**Listed records:**

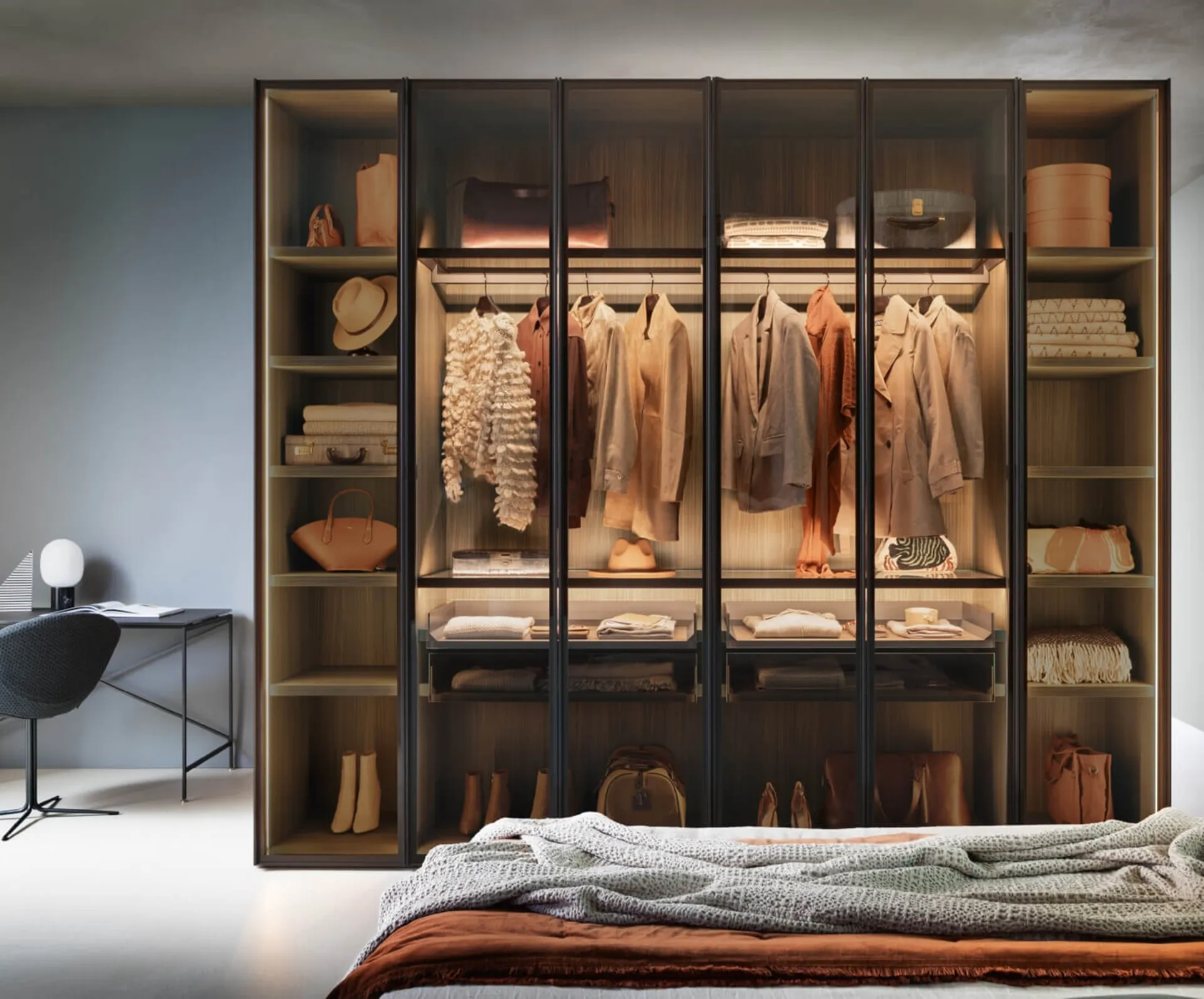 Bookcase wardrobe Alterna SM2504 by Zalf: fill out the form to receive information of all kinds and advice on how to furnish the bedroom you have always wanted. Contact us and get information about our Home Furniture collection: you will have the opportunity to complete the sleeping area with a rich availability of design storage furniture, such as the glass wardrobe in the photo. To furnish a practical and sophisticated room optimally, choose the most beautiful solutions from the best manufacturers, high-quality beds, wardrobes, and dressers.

==

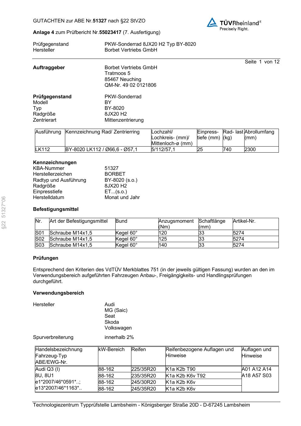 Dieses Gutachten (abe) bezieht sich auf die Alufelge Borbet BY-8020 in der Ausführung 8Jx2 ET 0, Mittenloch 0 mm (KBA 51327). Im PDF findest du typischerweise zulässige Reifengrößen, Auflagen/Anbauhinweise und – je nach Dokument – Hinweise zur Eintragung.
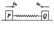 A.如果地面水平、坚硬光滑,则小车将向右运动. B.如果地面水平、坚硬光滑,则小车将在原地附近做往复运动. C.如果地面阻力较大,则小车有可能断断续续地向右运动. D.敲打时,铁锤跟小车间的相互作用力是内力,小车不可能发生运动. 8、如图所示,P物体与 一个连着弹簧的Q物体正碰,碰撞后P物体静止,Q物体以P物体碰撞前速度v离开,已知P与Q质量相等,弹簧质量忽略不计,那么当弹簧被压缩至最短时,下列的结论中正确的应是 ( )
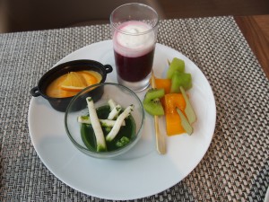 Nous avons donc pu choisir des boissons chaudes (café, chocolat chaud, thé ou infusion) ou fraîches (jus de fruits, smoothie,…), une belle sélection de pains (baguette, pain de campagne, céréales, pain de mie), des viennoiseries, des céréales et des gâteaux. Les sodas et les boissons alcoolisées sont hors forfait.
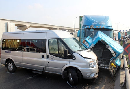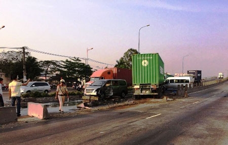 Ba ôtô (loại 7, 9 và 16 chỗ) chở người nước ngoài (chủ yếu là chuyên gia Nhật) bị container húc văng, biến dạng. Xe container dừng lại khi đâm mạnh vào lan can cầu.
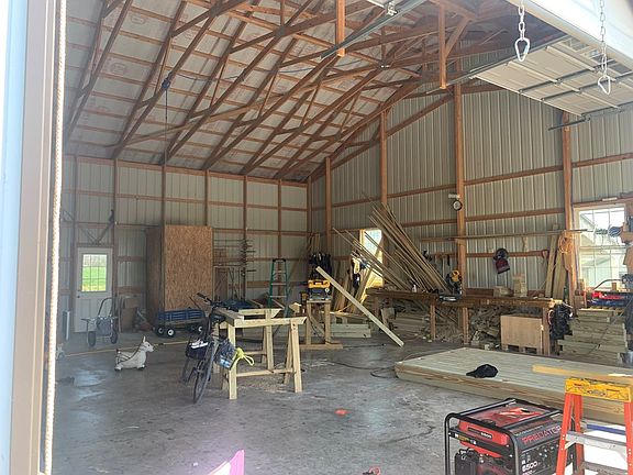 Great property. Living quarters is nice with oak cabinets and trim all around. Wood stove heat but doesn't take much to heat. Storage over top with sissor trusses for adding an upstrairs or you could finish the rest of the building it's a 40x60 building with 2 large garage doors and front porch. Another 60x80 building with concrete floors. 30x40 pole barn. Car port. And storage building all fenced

**Exercise objective:**
A verbatim reproduction is expected: starting at the line above that has "Ba ôtô (loại", ending at the line that has "Great property. Living", both included, and with no pictures and no other lines.

**Task result:**
 Ba ôtô (loại 7, 9 và 16 chỗ) chở người nước ngoài (chủ yếu là chuyên gia Nhật) bị container húc văng, biến dạng. Xe container dừng lại khi đâm mạnh vào lan can cầu.
 Great property. Living quarters is nice with oak cabinets and trim all around. Wood stove heat but doesn't take much to heat. Storage over top with sissor trusses for adding an upstrairs or you could finish the rest of the building it's a 40x60 building with 2 large garage doors and front porch. Another 60x80 building with concrete floors. 30x40 pole barn. Car port. And storage building all fenced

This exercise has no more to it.